## Dataset extract
★ ★ ★

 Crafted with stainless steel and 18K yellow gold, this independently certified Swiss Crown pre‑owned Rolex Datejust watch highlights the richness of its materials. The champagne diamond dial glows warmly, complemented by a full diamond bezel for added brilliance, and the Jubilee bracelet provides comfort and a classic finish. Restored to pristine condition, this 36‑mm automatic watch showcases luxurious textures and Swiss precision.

★ ★ ★

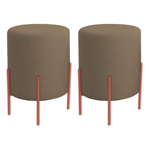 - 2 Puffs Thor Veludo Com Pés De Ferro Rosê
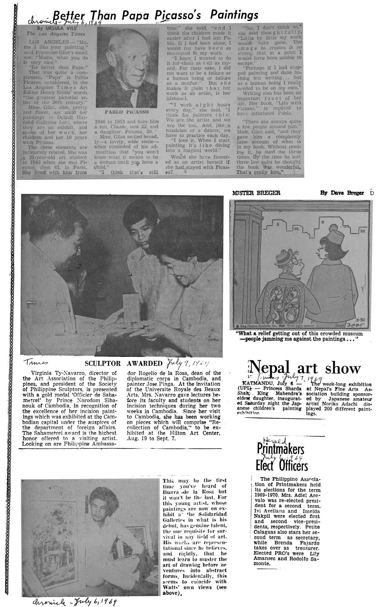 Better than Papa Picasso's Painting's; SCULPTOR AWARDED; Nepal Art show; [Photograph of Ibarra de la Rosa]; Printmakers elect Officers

★ ★ ★

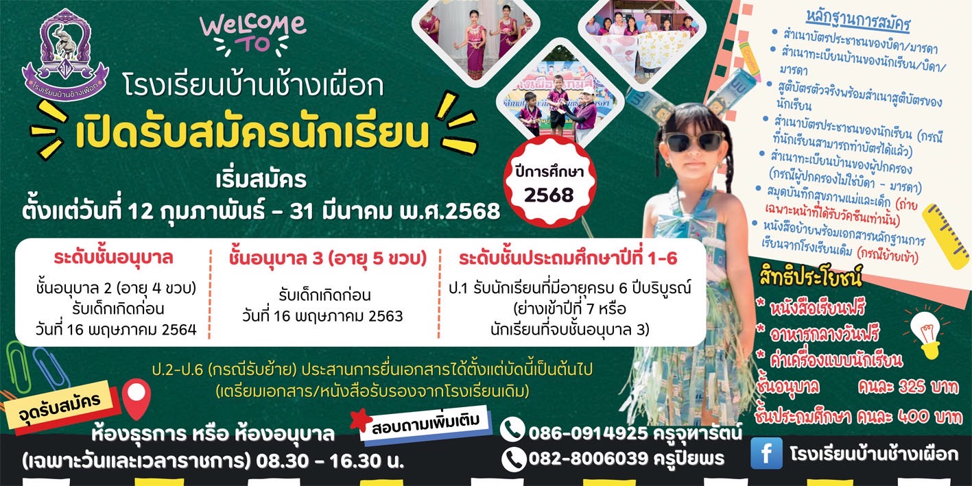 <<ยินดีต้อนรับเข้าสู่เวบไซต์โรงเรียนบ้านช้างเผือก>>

★ ★ ★

## Brief
Reproduce exactly the lines of the data above that run from the line with "- 2 Puffs Thor Veludo Com Pés De Ferro Rosê" down to the line with "Better than Papa", both ends included. Pictures do not belong in the copy.

## Exercise response
 - 2 Puffs Thor Veludo Com Pés De Ferro Rosê
 Better than Papa Picasso's Painting's; SCULPTOR AWARDED; Nepal Art show; [Photograph of Ibarra de la Rosa]; Printmakers elect Officers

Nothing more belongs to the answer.